Die Bundesregierung beschäftigt sich seit mehreren Wochen mit der Einführung eines Social-Media-Verbots für Kinder unter 14 Jahren. Diese Maßnahme wird diskutiert, um den Gefahren der Radikalisierung und möglichen Entwicklungsschäden bei jungen Menschen entgegenzuwirken. Alexander Pröll, der zuständige Staatssekretär der ÖVP, gab in einem Interview mit der „Krone“ Einblicke in die Hintergründe dieser Debatte.
Pröll betont, dass die Nutzung von sozialen Medien durch Kinder und Jugendliche ernsthafte Risiken mit sich bringt. Insbesondere sieht er die Gefahr, dass Kinder in extremistische und radikale Ideologien hineingezogen werden können. Die Auswirkungen auf die psychische Gesundheit und die soziale Entwicklung sind ebenfalls besorgniserregend. Experten warnen vor den Folgen einer unkontrollierten Nutzung von Plattformen wie Instagram, TikTok und Co., die bei jüngeren Nutzern zu einem verzerrten Selbstbild und zu Problemen im sozialen Umgang führen können.

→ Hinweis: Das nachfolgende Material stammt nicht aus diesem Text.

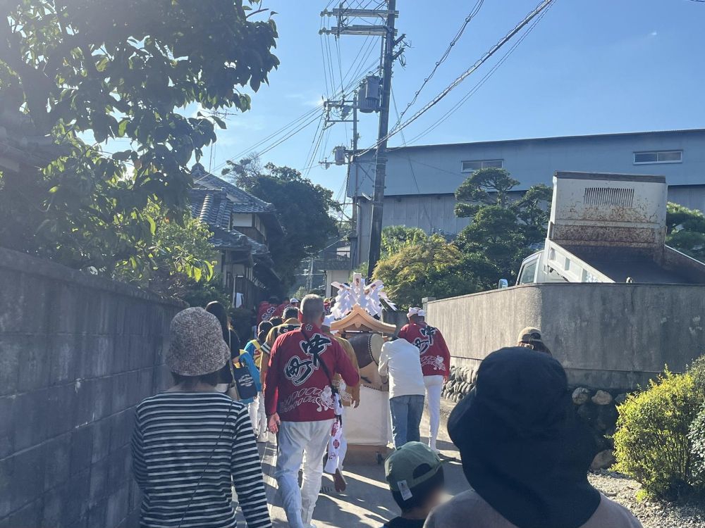 御旅所は高向上町にあります。お祭り前とあってまちを歩いていると、今年の若衆(青年団)の団長の紹介などがありました。

Ein weiterer zentraler Punkt im Gespräch war das Problem in Schulen. Pröll wies auf eine alarmierende Beobachtung hin: In der Zeit des Fastenmonats Ramadan treten in Schulen häufig vermehrte Spannungen und Konflikte auf. Diese Probleme werden in erster Linie durch die unterschiedlichen Lebensweisen und den Umgang mit der Religion hervorgerufen. Während einige Kinder fasten, nehmen andere daran nicht teil, was zu Missverständnissen und Spannungen führen kann. Diese Situation kann sich negativ auf das Schulklima auswirken und Lehrer sowie Schüler vor große Herausforderungen stellen.
Pröll fordert daher nicht nur ein strengeres Vorgehen gegen die Nutzung von sozialen Medien durch Kinder, sondern auch eine bessere Unterstützung für Schulen. Es sei wichtig, ein Umfeld zu schaffen, das sowohl die religiösen Praktiken respektiert als auch den respektvollen Umgang unter den Schülern fördert. Die Bundesregierung erhofft sich von den diskutierten Maßnahmen langfristige Ergebnisse, die sowohl die Sicherheit der Kinder als auch deren gesunde Entwicklung gewährleisten.
Abschließend stellt Pröll klar, dass das geplante Verbot für Kinder unter 14 Jahren nicht als vollständige Lösung angesehen werden sollte. Vielmehr müsse ein ganzheitlicher Ansatz gefunden werden, der die Erziehung und Aufklärung der Kinder sowie der Eltern in den Vordergrund stellt. Es geht darum, den Kindern die nötigen Werkzeuge an die Hand zu geben, um verantwortungsvoll mit sozialen Medien umgehen zu können, anstatt sie vollständig von diesen Plattformen abzuschotten.